• _Data excerpts_
*** Block opens ***

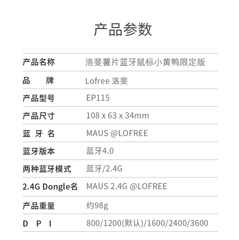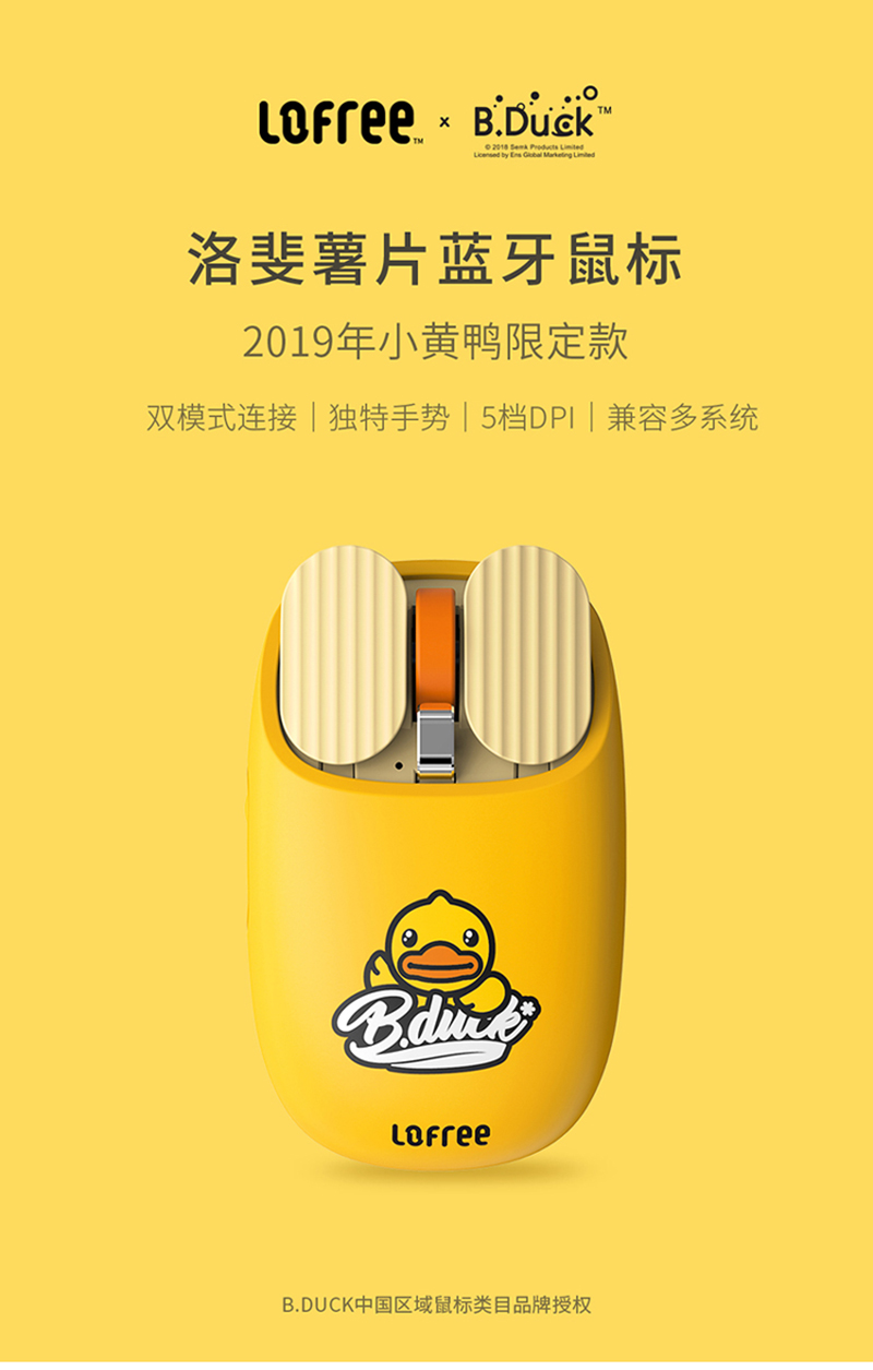 LOFREE 洛斐薯片小黄鸭限定蓝牙鼠标 [福利品]
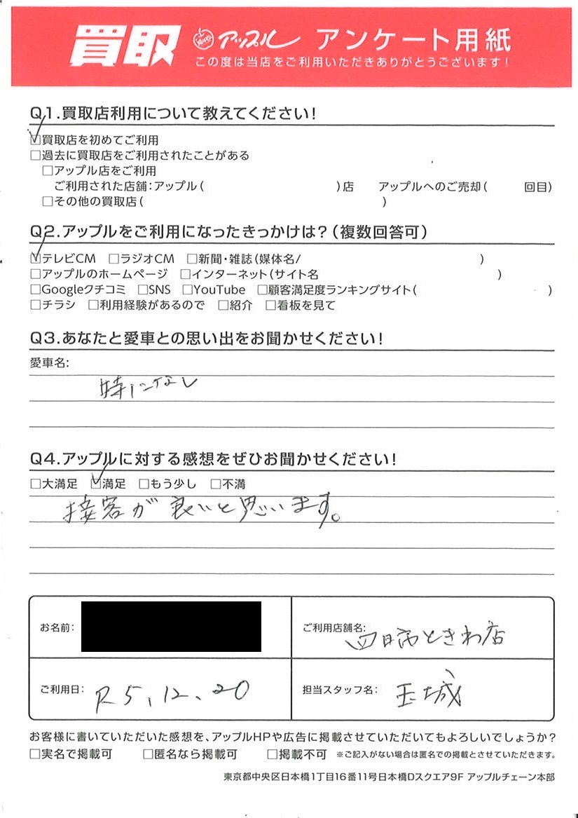 お車のご相談・ 査定だけでもOK! カンタン 入力 30秒 アップルがブランド買取始めました! お電話でも受付中! 受付時間10:00 ~ 18:30 0120-174-177 お車のご相談・ 査定だけでもOK! カンタン 入力 30秒 アップルがブランド買取始めました! お電話でも受付中! 受付時間10:00 ~ 18:30 0120-174-177 アップルがブランド買取始めました! お電話でも受付中! 受付時間10:00 ~ 18:30 0120-174-177 店舗情報 在庫車 スタッフ紹介 ブログ お客様の声 キャンペーン お得 無料査定 click お客様の声 ご記入日: 2023/12/20 S様 車名:マツダ フレアワゴン 接客が良いと思います。 前へ 次へ お客様の声一覧を見る
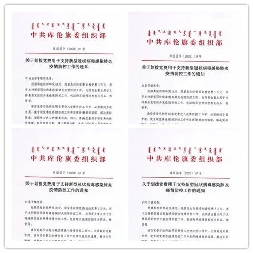 库伦旗委组织部下拨65万元疫情防控专项“党费”。近日,库伦旗委组织部向全旗各苏木镇、社区服务中心和旗直有关部门下拨65万元党费,支持基层党组织开展疫情防控工作,主要用于慰问战斗在疫情防控斗争一线的医务工作者和基层党员、干部;购买疫情防控有关药品、物资等;补助因患新型冠状病毒感染的肺炎而遇到生活困难的党员、群众。要求各基层党组织要尽快将这笔党费投入到疫情防控工作中,做到专款专用,使专项党费在疫情防控工作中发挥传递组织温暖、解决实际困难、凝聚党心民心的重要作用。
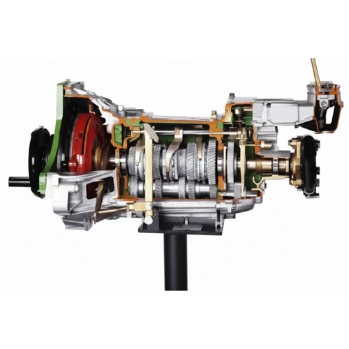 This full-size gearbox model is prepared from original parts and mounted on a sturdy stand, enabling students to engage with gear shifting mechanisms, speed ratios, and power transmission. The detailed design assists in technical understanding of automotive gear systems vital for mechanical engineering and vocational training.
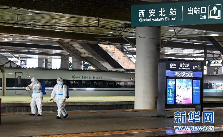 1月16日,工作人員對(duì)西安北站站臺(tái)進(jìn)行消殺。新華社記者 陶明 攝
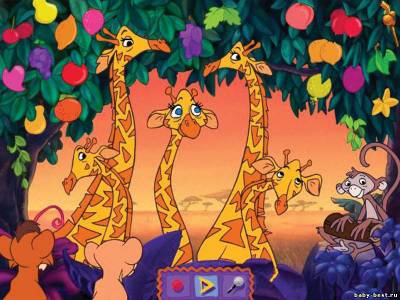 У поклонников знаменитого мультфильма появится возможность вновь встретиться с Кову, Киарой, Тимоном, Пумбой и другими уже полюбившимися персонажами. Малыши совершат вместе с диснеевскими персонажами увлекательное путешествие, а также выполнят веселые и интересные задания на развитие памяти, внимания, логического мышления. У ребят будет возможность познакомиться с забавными обитателями джунглей, посетить обезьяний лес, львиную поляну, сад жирафов и много других замечательных мест. Рисуя и раскрашивая, выполняя музыкальные задания, дети повторят названия цветов, разовьют свою фантазию, творческие способности и музыкальный слух. Диск содержит множество увлекательных игр с великолепной графикой и замечательной музыкой.
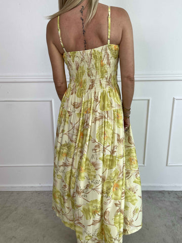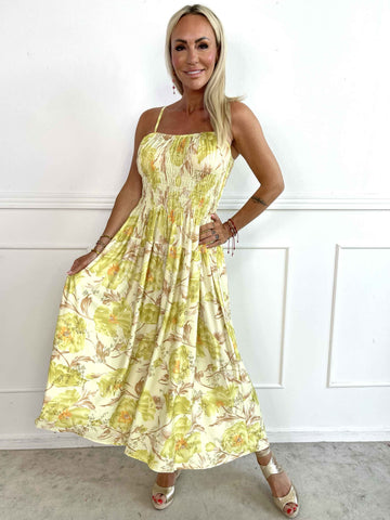 Maira Botanic - Sød elastisk stropkjole med blomsterprint og smock
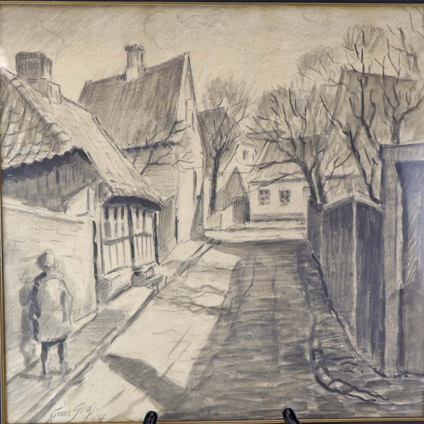 Indrammet akvarel og kultegning på papir i sortmalet træramme med bymotiv af Nellikestræde i Nørresundby fra år 1927Kunstner Ejnar Gross (1895-1962)

*** Block closes ***

• _Task prompt_
If an entry contains a picture, omit it; restate everything else word for word.

• _Answer for this exercise_
 LOFREE 洛斐薯片小黄鸭限定蓝牙鼠标 [福利品]
 お車のご相談・ 査定だけでもOK! カンタン 入力 30秒 アップルがブランド買取始めました! お電話でも受付中! 受付時間10:00 ~ 18:30 0120-174-177 お車のご相談・ 査定だけでもOK! カンタン 入力 30秒 アップルがブランド買取始めました! お電話でも受付中! 受付時間10:00 ~ 18:30 0120-174-177 アップルがブランド買取始めました! お電話でも受付中! 受付時間10:00 ~ 18:30 0120-174-177 店舗情報 在庫車 スタッフ紹介 ブログ お客様の声 キャンペーン お得 無料査定 click お客様の声 ご記入日: 2023/12/20 S様 車名:マツダ フレアワゴン 接客が良いと思います。 前へ 次へ お客様の声一覧を見る
 库伦旗委组织部下拨65万元疫情防控专项“党费”。近日,库伦旗委组织部向全旗各苏木镇、社区服务中心和旗直有关部门下拨65万元党费,支持基层党组织开展疫情防控工作,主要用于慰问战斗在疫情防控斗争一线的医务工作者和基层党员、干部;购买疫情防控有关药品、物资等;补助因患新型冠状病毒感染的肺炎而遇到生活困难的党员、群众。要求各基层党组织要尽快将这笔党费投入到疫情防控工作中,做到专款专用,使专项党费在疫情防控工作中发挥传递组织温暖、解决实际困难、凝聚党心民心的重要作用。
 This full-size gearbox model is prepared from original parts and mounted on a sturdy stand, enabling students to engage with gear shifting mechanisms, speed ratios, and power transmission. The detailed design assists in technical understanding of automotive gear systems vital for mechanical engineering and vocational training.
 1月16日,工作人員對(duì)西安北站站臺(tái)進(jìn)行消殺。新華社記者 陶明 攝
 У поклонников знаменитого мультфильма появится возможность вновь встретиться с Кову, Киарой, Тимоном, Пумбой и другими уже полюбившимися персонажами. Малыши совершат вместе с диснеевскими персонажами увлекательное путешествие, а также выполнят веселые и интересные задания на развитие памяти, внимания, логического мышления. У ребят будет возможность познакомиться с забавными обитателями джунглей, посетить обезьяний лес, львиную поляну, сад жирафов и много других замечательных мест. Рисуя и раскрашивая, выполняя музыкальные задания, дети повторят названия цветов, разовьют свою фантазию, творческие способности и музыкальный слух. Диск содержит множество увлекательных игр с великолепной графикой и замечательной музыкой.
 Maira Botanic - Sød elastisk stropkjole med blomsterprint og smock
 Indrammet akvarel og kultegning på papir i sortmalet træramme med bymotiv af Nellikestræde i Nørresundby fra år 1927Kunstner Ejnar Gross (1895-1962)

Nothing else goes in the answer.